— Work to complete —
Note on the material below: return exactly the lines from the line that holds "Via de dubbele" through the line that holds "В каюте: одно", and leave out each picture.

— Records shown —
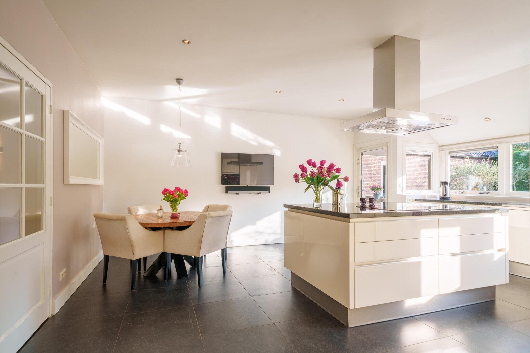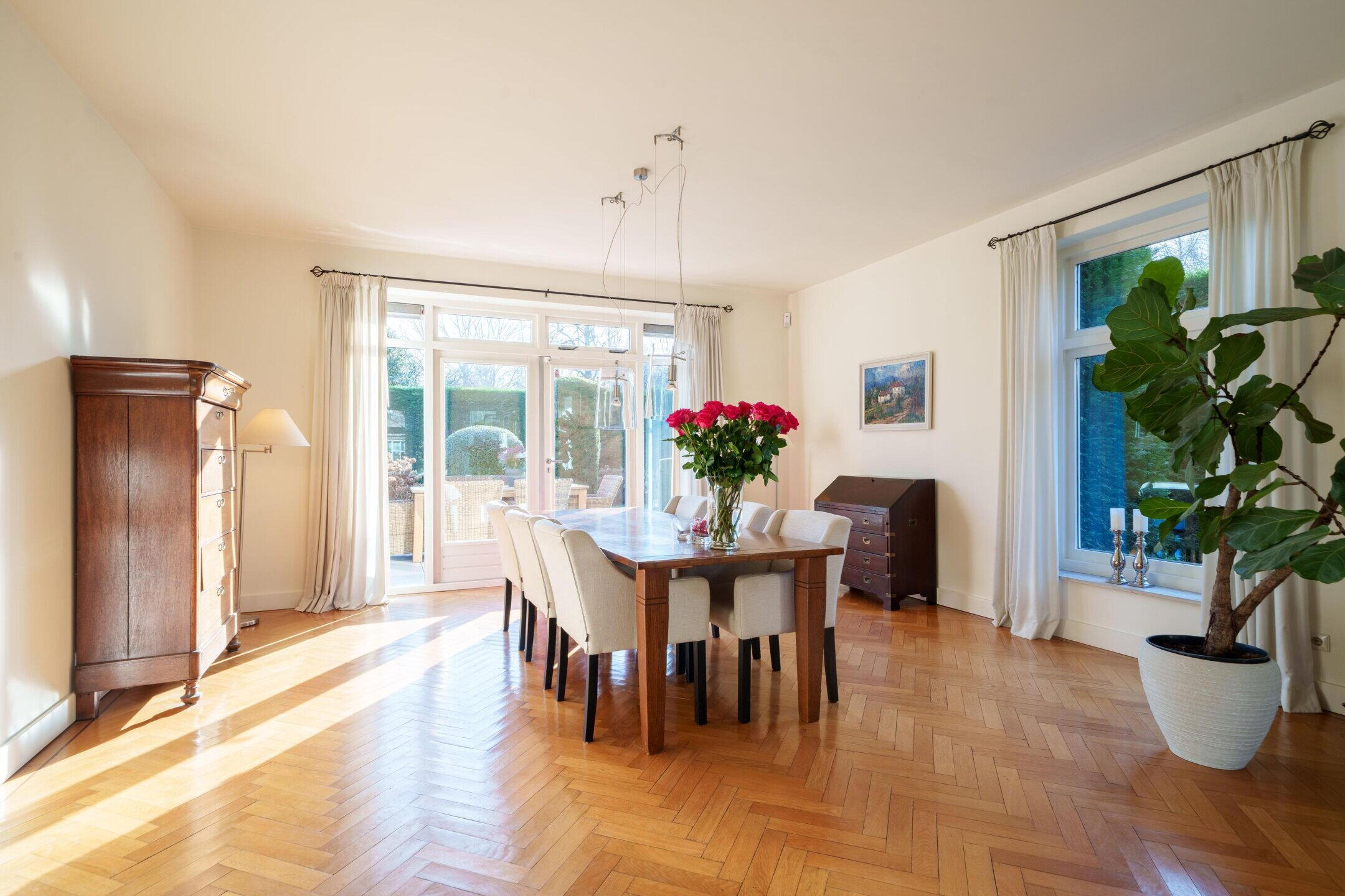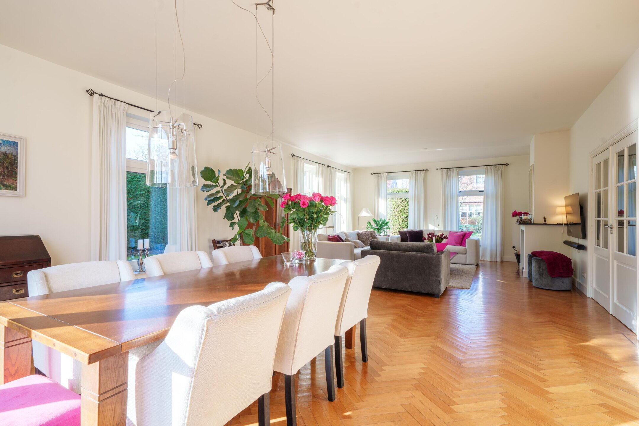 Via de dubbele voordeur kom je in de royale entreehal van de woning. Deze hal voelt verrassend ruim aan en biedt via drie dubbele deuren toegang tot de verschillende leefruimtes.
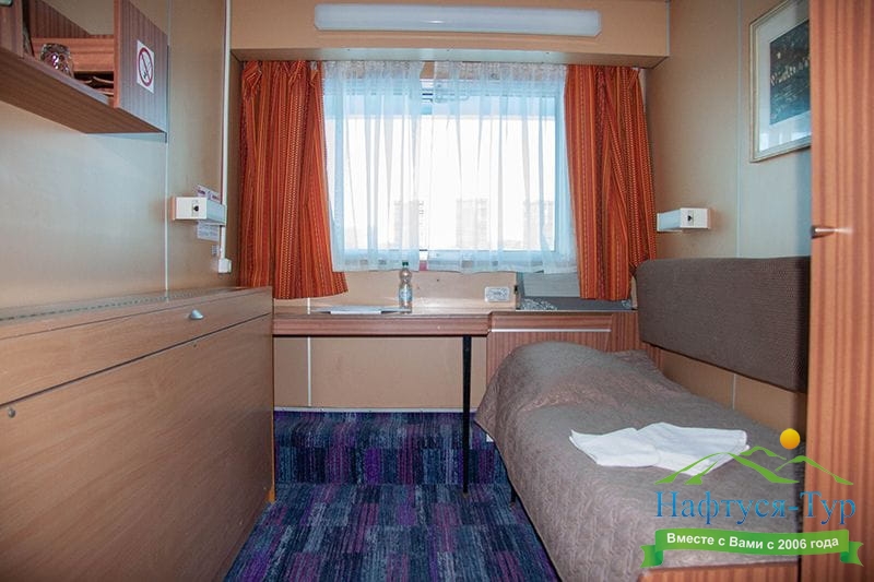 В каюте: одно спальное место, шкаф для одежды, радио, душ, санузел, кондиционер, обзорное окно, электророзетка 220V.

--

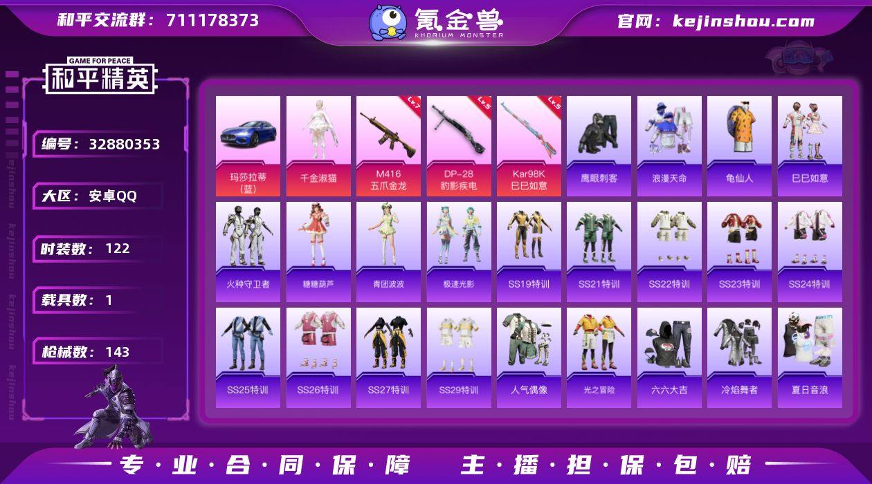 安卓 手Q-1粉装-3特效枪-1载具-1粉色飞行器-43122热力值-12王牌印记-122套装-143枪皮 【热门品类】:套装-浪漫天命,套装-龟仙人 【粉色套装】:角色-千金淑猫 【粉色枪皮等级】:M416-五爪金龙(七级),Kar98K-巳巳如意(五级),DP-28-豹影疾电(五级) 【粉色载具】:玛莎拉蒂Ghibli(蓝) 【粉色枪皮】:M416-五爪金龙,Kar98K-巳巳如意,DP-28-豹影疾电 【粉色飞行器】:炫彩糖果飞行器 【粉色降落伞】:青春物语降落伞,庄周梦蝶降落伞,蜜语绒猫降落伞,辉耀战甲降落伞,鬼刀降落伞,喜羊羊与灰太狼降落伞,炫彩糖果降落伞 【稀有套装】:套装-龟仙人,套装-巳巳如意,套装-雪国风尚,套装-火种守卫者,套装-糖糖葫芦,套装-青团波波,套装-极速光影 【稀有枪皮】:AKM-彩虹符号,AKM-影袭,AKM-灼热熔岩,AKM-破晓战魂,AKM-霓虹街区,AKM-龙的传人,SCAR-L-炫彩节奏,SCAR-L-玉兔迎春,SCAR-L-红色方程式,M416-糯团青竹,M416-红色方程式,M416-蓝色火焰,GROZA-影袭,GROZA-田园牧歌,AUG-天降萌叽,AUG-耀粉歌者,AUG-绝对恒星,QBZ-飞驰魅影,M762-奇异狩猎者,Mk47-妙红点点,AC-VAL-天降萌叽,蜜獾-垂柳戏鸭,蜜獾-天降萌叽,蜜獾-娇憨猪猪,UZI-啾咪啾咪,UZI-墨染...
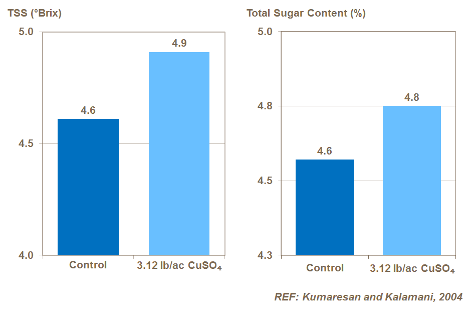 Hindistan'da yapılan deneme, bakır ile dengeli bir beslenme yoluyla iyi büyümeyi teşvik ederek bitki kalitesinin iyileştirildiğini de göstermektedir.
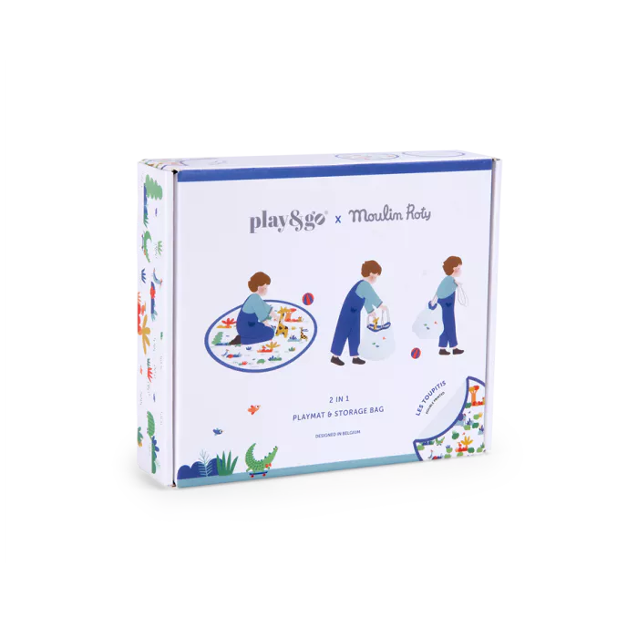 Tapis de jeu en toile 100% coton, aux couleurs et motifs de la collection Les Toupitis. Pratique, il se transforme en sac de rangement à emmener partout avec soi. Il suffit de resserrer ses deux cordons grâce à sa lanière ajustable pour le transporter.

==

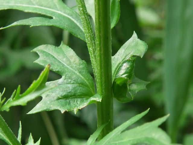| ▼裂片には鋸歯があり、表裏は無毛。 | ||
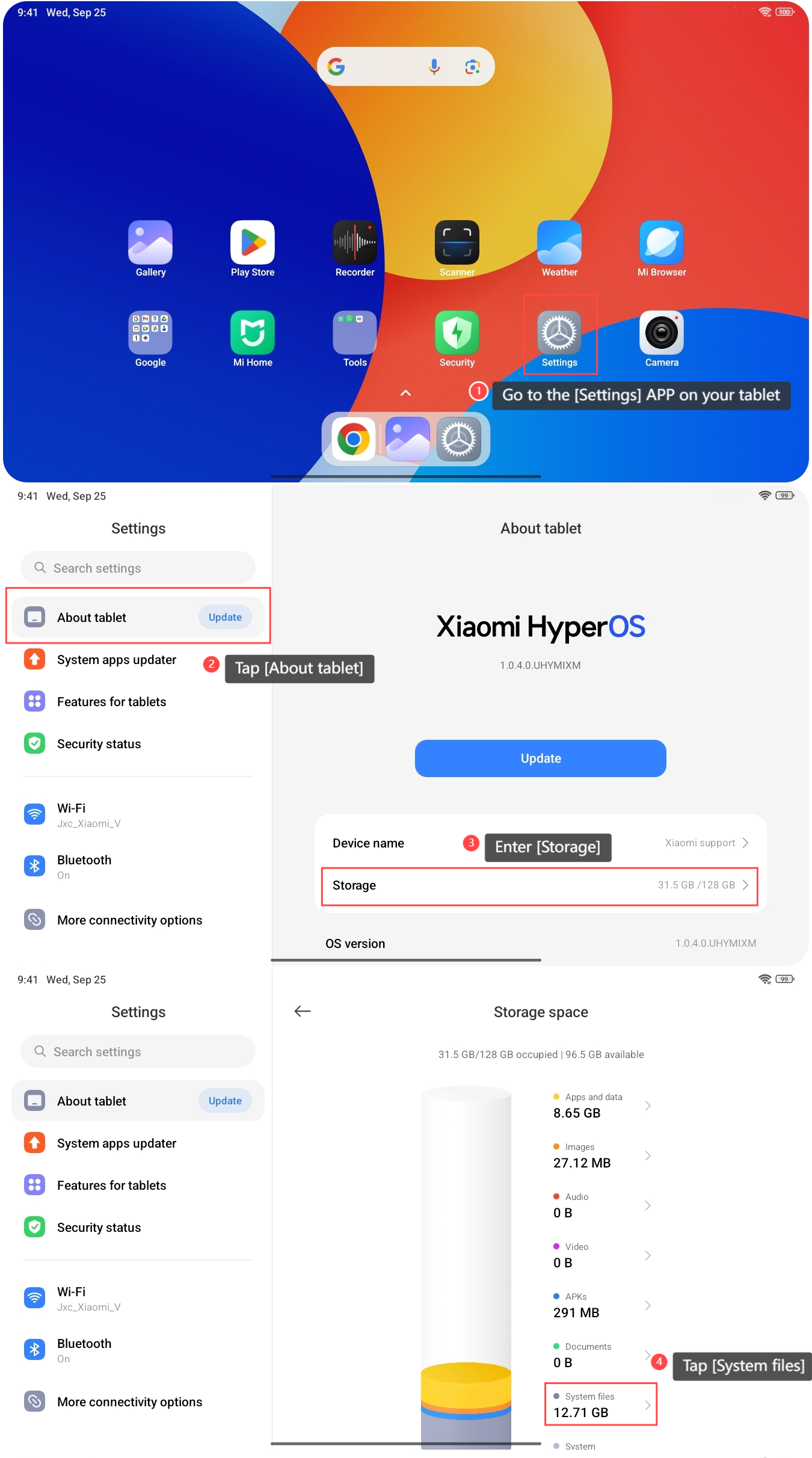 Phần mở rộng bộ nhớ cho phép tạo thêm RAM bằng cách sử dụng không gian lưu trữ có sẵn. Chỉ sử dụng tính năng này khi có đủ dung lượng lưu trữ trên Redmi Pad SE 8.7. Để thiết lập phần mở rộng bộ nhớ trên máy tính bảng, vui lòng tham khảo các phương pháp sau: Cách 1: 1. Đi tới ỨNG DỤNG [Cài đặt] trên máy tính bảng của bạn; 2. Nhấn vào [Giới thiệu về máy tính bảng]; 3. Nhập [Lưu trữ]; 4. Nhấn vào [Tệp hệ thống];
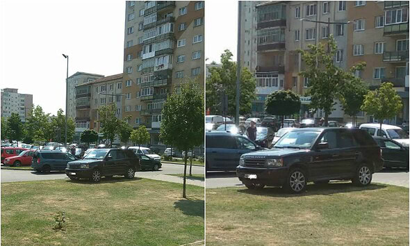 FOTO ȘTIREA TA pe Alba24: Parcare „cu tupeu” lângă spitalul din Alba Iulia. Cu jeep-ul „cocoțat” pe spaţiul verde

— Your solution —
 Via de dubbele voordeur kom je in de royale entreehal van de woning. Deze hal voelt verrassend ruim aan en biedt via drie dubbele deuren toegang tot de verschillende leefruimtes.
 В каюте: одно спальное место, шкаф для одежды, радио, душ, санузел, кондиционер, обзорное окно, электророзетка 220V.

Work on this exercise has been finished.